In the case of Germany, Willy Brandt started with the idea that German unification began from Moscow. He accepted the fact that unification was impossible against the will of the Soviet Union and without its cooperation. The Soviet Union, at the time, maintained 20 to 22 divisions of troops in East Germany, and it had the ability to oppress a people’s revolution with tanks at any time. On the Korean Peninsula, however, there is no “Moscow” that controls the key to unification.

Where will our unification start? It will start from Seoul and Pyongyang and be complete with the support and cooperation of the United States, China, Russia and Japan. The first step, therefore, is developing the Aug. 25 agreement to a grand path of improved relations and cooperation.

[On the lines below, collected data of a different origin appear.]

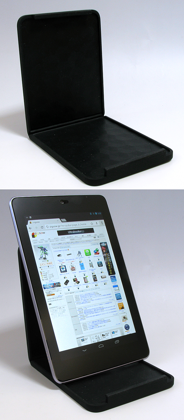 また、折りたたんでタブレットのスタンドとして使用できます。材質がゴムですのでタブレットが使用中にずれることはありません。
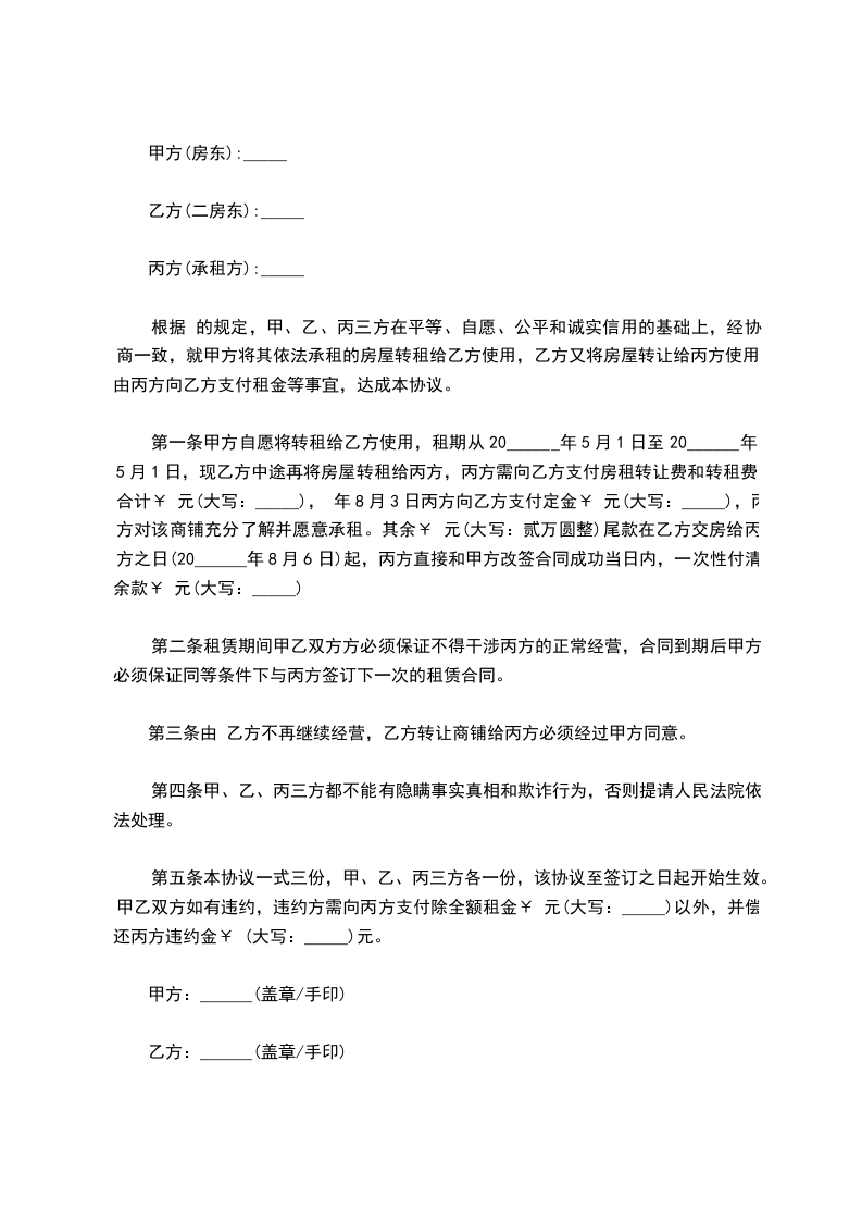 第一条甲方自愿将转租给乙方使用,租期从20______年5月1日至20______年5月1日,现乙方中途再将房屋转租给丙方,丙方需向乙方支付房租转让费和转租费合计¥ 元(大写:_____), 年8月3日丙方向乙方支付定金¥ 元(大写:_____),丙方对该商铺充分了解并愿意承租。其余¥ 元(大写:贰万圆整)尾款在乙方交房给丙方之日(20______年8月6日)起,丙方直接和甲方改签合同成功当日内,一次性付清余款¥ 元(大写:_____)
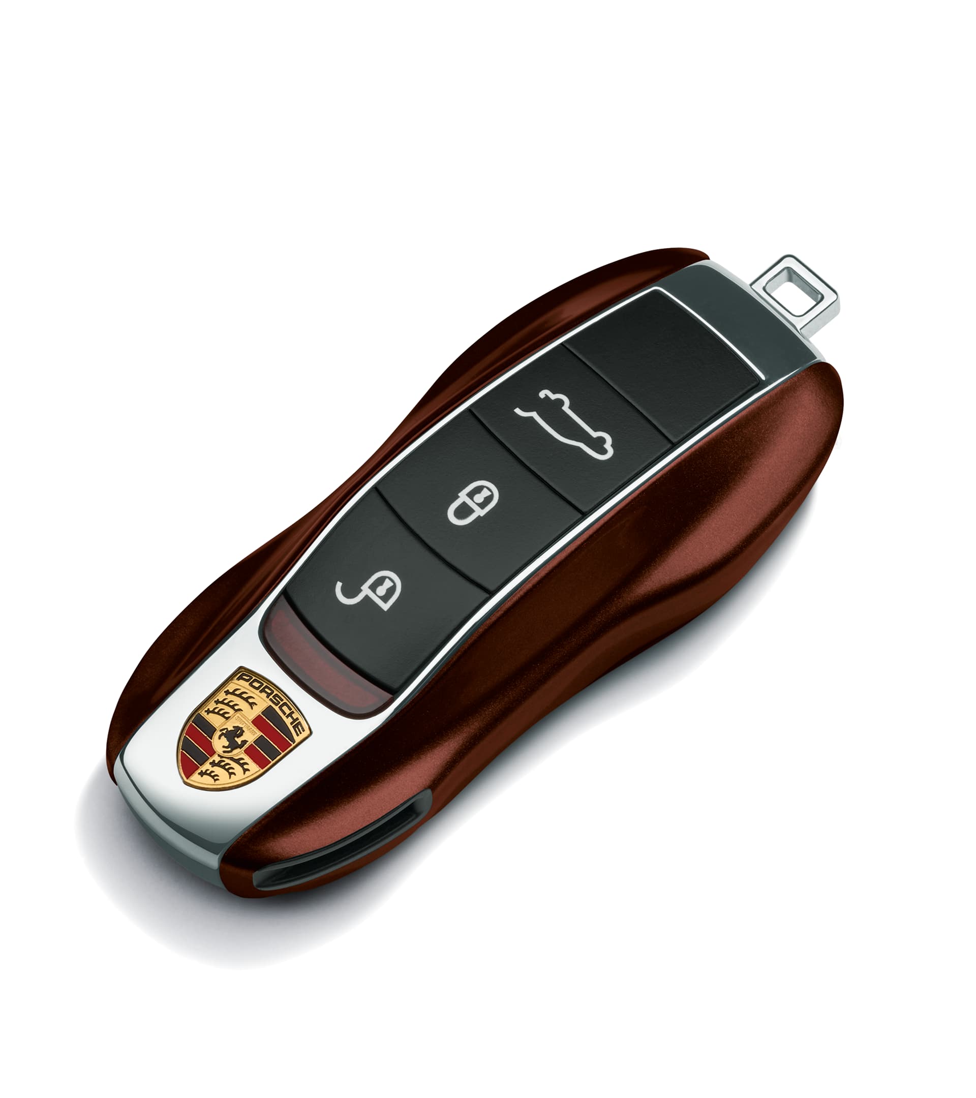 Une occasion unique de vous exprimer avec la clé de véhicule Porsche peinte en Acajou Métallisé. Un ensemble contient 2 couvercles de clé latéraux peints.
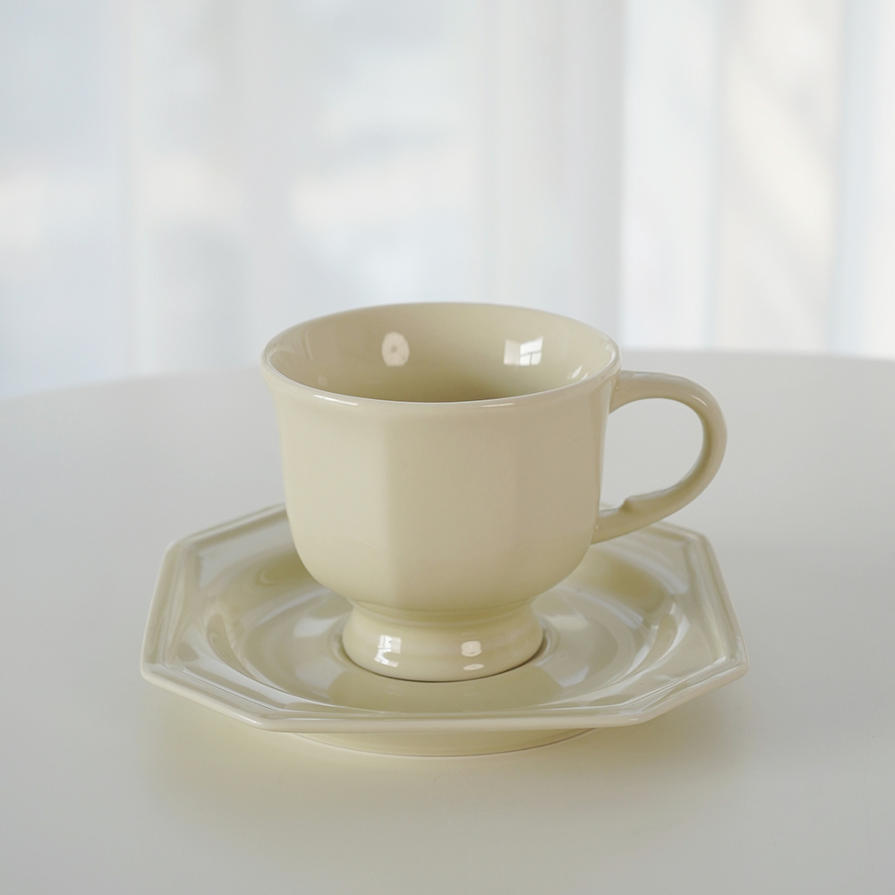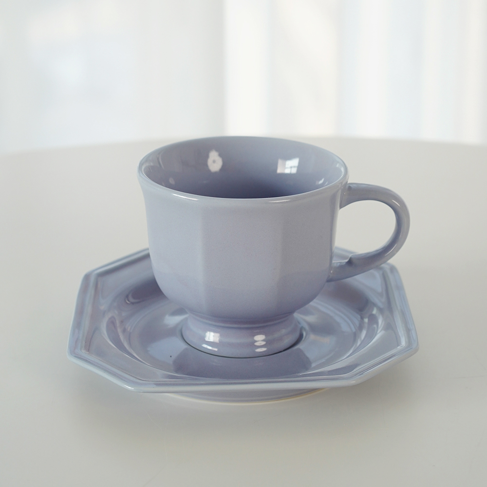 Color classification: Retro octagonal coffee cup and saucer/beige, retro octagonal coffee cup and saucer/dark powder, retro octagonal coffee cup and saucer/gray purple, retro octagonal dinner plate/beige retro octagonal dinner plate/dark powder, retro octagonal dinner plate/gray purple

To this end, using the term “unification” must be used with refrain only in the need for domestic politics. North Korea thinks unification talk by the South means the South’s absorbing of the North. Unification that the North talks about, of course, is a communist unification. Even if there can be a convergence between our concept of unification under liberal democracy and market economy and the North’s concept of unification, it will require a long process of peace.

JoongAng Ilbo, Sept. 11, Page 30

*The author is a senior columnist of the JoongAng Ilbo.